Published: 22 Jan 2025, Last Modified: 23 Feb 2025ICLR 2025 PosterEveryoneRevisionsBibTeXCC BY 4.0
Keywords: calibration, proper scoring rules, ECE, kernel regression
TL;DR: Reporting just test error and calibration error can be misleading, we provide a way to jointly plot calibration and generalization error and provide an analysis of the method.
Abstract: A machine learning model is calibrated if its predicted probability for an outcome matches the observed frequency for that outcome conditional on the model prediction. This property has become increasingly important as the impact of machine learning models has continued to spread to various domains. As a result, there are now a dizzying number of recent papers on measuring and improving the calibration of (specifically deep learning) models. In this work, we reassess the reporting of calibration metrics in the recent literature. We show that there exist trivial recalibration approaches that can appear seemingly state-of-the-art unless calibration and prediction metrics (i.e. test accuracy) are accompanied by additional generalization metrics such as negative log-likelihood. We then use a calibration-based decomposition of Bregman divergences to develop a new extension to reliability diagrams that jointly visualizes calibration and generalization error, and show how our visualization can be used to detect trade-offs between calibration and generalization.

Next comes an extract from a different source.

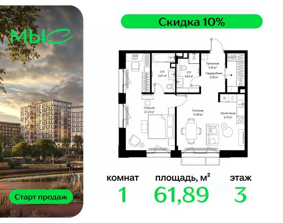 Прямая продажа от застройщика. Продаётся 1-комнатная квартира общей площадью 61.89 м² без отделки в премиальном жилом комплексе "МЫС" на 3-м этаже 12 этажного дома. Квартира расположена в корпусе "Волга". Проект МЫС — это, прежде всего, идеальное место для семей. В рамках проекта построят государственную школу, два детских сада и дворец спорта площадью 20 000 м2 с термальным комплексом, выплывным бассейном, фитнес-залом, теннисными, сквош и падел кортами и секциями для детей. На территории площадью, сравнимой с тремя парками Зарядье, появятся кафе и рестораны, пруд с набережной, спортивные и детские площадки, скейт-парк, лыжные и веломаршруты. Расположение: - 2 минуты до скоростной трассы М1 и Минского шоссе; - 10 минут до МКАД; - 15 минут до МЦД Лесной Городок - 20 минут до делового центра "Москва-Сити"; - 28 минут до аэропорта "Внуково". Благоустройство: - велосипедные и лыжные маршруты; - собственная набережная и парк; - лаунж-зоны в окружении природы; - беседки у очага; - дворец спорта площадью 20 000 м²; - термальный комплекс с тремя бассейнами; - 4 теннисных и падел-корта; - 6 сквош-кортов; - многофункциональный спортзал; - скейт-парк; - просторная площадь для прогулок с фонтаном; - детский клуб с творческими секциями; - гастро-доминанта; - кафе у пруда, рестораны, ритейл. Окружение - соседство с лесным фондом; - школа на 1250 мест и 2 детских сада на 350 и 255 мест; - Дубковский и Подушкинский леса, парк "Рассказовка", Мещерский парк.Действуют специальные условия при 100% оплате, подробности уточняйте у менеджера в офисе продаж. Продается 1-комнатная квартира 60 м2 в Московской области.

Along the way, we prove novel results regarding the relationship between full calibration error and confidence calibration error for Bregman divergences. We also establish the consistency of the kernel regression estimator for calibration error used in our visualization approach, which generalizes existing consistency results in the literature.
Supplementary Material: zip
Primary Area: probabilistic methods (Bayesian methods, variational inference, sampling, UQ, etc.)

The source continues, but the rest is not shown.